Normalizing the patient environment
Current trends in facility design aim to make inpatient psychiatric care less institutional
by KENT MUIRHEAD, AIA and DAVID TREECE, AIA

As society's awareness and understanding of mental health have evolved, so too have behavioral health treatments and the inpatient environments in which they are delivered. The old model of inpatient behavioral management, in which patients often were viewed as incurable and thus often confined for life, has given way to a new model. Now, structured programs are designed to rehabilitate patients within a reasonable period and return them to productive lives in the community.
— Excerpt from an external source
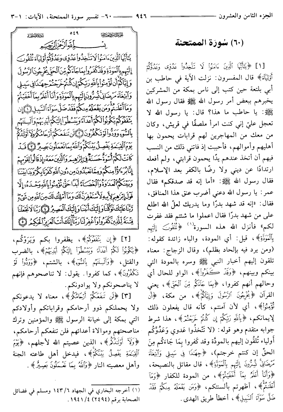 (60) سورة الممتحنة [1] {يَا أَيُّهَا الَّذِينَ آمَنُوا لَا تَتَّخِذُوا عَدُوِّي وَعَدُوَّكُمْ أَوْلِيَاءَ} [الممتحنة: 1] قَالَ الْمُفَسِّرُونَ: نَزَلَتِ الْآيَةُ فِي حَاطِبِ بْنِ أَبِي بَلْتَعَةَ حِينَ كتب إِلَى نَاسٍ بِمَكَّةَ مِنَ الْمُشْرِكِينَ يُخْبِرُهُمْ بِبَعْضِ أَمْرِ رَسُولِ اللَّهِ صَلَّى اللَّهُ عَلَيْهِ وَسَلَّمَ فَقَالَ رَسُولِ اللَّهِ صَلَّى اللَّهُ عَلَيْهِ وسلم: «يَا حَاطِبُ مَا هَذَا؟ " قَالَ: يَا رَسُولَ اللَّهِ لَا تَعْجَلْ عَلَيَّ إِنِّي كُنْتُ امْرَأً مُلْصَقًا في قريش، وَكَانَ مَنْ مَعَكَ مِنَ الْمُهَاجِرِينَ لَهُمْ قَرَابَاتٌ يَحْمُونَ بِهَا أَهْلِيهِمْ وَأَمْوَالَهَمْ، فَأَحْبَبْتُ إِذْ فَاتَنِي ذَلِكَ مِنَ النَّسَبِ فِيهِمْ أَنْ أَتَّخِذَ عِنْدَهُمْ يَدًا يَحْمُونَ قَرَابَتِي، وَلَمْ أَفْعَلْهُ ارْتِدَادًا عَنْ دِينِي وَلَا رِضًا بِالْكُفْرِ بَعْدَ الْإِسْلَامِ، فَقَالَ رَسُولِ اللَّهِ صَلَّى اللَّهُ عَلَيْهِ وَسَلَّمَ: "أَمَا إِنَّهُ قَدْ صَدَقَكُمْ" فَقَالَ عُمَرُ: يَا رَسُولَ اللَّهِ دَعْنِي أَضْرِبْ عُنُقَ هَذَا الْمُنَافِقِ، فَقَالَ: "إِنَّهُ قَدْ شَهِدَ بَدْرًا وَمَا يُدْرِيكَ لَعَلَّ اللَّهَ اطَّلَعَ عَلَى مَنْ شَهِدَ بَدْرًا فَقَالَ اعْمَلُوا مَا شِئْتُمْ فَقَدْ غَفَرْتُ لكم» فأنزل الله هذه السورة (¬1) {تُلْقُونَ إِلَيْهِمْ بِالْمَوَدَّةِ} [الممتحنة: 1] قِيلَ: أَيِ الْمَوَدَّةَ، وَالْبَاءُ زَائِدَةٌ كَقَوْلِهِ: {وَمَنْ يُرِدْ فِيهِ بِإِلْحَادٍ بِظُلْمٍ} [الْحَجِّ: 25] وَقَالَ الزَّجَّاجُ: مَعْنَاهُ كقوله إِلَيْهِمْ أَخْبَارَ النَّبِيِّ صَلَّى اللَّهُ عَلَيْهِ وَسَلَّمَ وَسِرَّهُ بِالْمَوَدَّةِ الَّتِي بينكم وبينهم، {وَقَدْ كَفَرُوا} [الممتحنة: 1] الْوَاوُ لِلْحَالِ أَيْ وَحَالُهُمْ أَنَّهُمْ كَفَرُوا، {بِمَا جَاءَكُمْ مِنَ الْحَقِّ} [الممتحنة: 1] يَعْنِي الْقُرْآنَ {يُخْرِجُونَ الرَّسُولَ وَإِيَّاكُمْ} [الممتحنة: 1] من مكة، {أَنْ تُؤْمِنُوا} [الممتحنة: 1] أَيْ لِأَنْ آمَنْتُمْ، كَأَنَّهُ قَالَ يَفْعَلُونَ ذَلِكَ لِإِيمَانِكُمْ، {بِاللَّهِ رَبِّكُمْ إِنْ كُنْتُمْ خَرَجْتُمْ} [الممتحنة: 1] هَذَا شَرْطٌ جَوَابُهُ مُتَقَدِّمٌ وَهُوَ قَوْلُهُ: {لَا تَتَّخِذُوا عَدُوِّي وَعَدُوَّكُمْ أَوْلِيَاءَ تُلْقُونَ إِلَيْهِمْ بِالْمَوَدَّةِ وَقَدْ كَفَرُوا بِمَا جَاءَكُمْ مِنَ الْحَقِّ يُخْرِجُونَ الرَّسُولَ وَإِيَّاكُمْ} [الممتحنة: 1] {جِهَادًا فِي سَبِيلِي وَابْتِغَاءَ مَرْضَاتِي تُسِرُّونَ إِلَيْهِمْ بِالْمَوَدَّةِ} [الممتحنة: 1] قَالَ مُقَاتِلٌ بِالنَّصِيحَةِ، {وَأَنَا أَعْلَمُ بِمَا أَخْفَيْتُمْ} [الممتحنة: 1] مِنَ الْمَوَدَّةِ لِلْكُفَّارِ {وَمَا أَعْلَنْتُمْ} [الممتحنة: 1] أَظْهَرْتُمْ بِأَلْسِنَتِكُمْ، {وَمَنْ يَفْعَلْهُ مِنْكُمْ فَقَدْ ضَلَّ سَوَاءَ السَّبِيلِ} [الممتحنة: 1] أَخْطَأَ طَرِيقَ الْهُدَى.

This evolution has been supported by state legislation mandating shorter patient stays and greater accountability from behavioral health professionals. In turn, today's inpatient facilities are designed to create a normalizing environment that supports the new behavioral healthcare model.

The normalizing environment is a concept parallel to the healing environment supporting physical healthcare delivery. The normalizing environment is created through a holistic planning and design approach that integrates private and public spaces to support a continuum of socialization within a safe, secure campus. Among the issues driving the planning and design of today's behavioral healthcare inpatient facilities are security, patient room type, dining and recreational facilities, flexibility, and financing.

Transparent Security

The safety and security of patients, staff, and the surrounding community remain critical to the facility's mission, yet today they must be accomplished in a way that is transparent to users. This means creating an environment that feels open and visually connected to its surrounding landscape by using alternatives to traditional fortresslike security walls and fences.

Figure 1. This psychiatric facility for the state of North Carolina is designed to have only a few entrances, increasing security. Image courtesy of Cannon Design.


Figure 2. Courtyards in a facility for the state of North Carolina allow for secure patient recreational activities and outdoor dining. Image courtesy of Cannon Design.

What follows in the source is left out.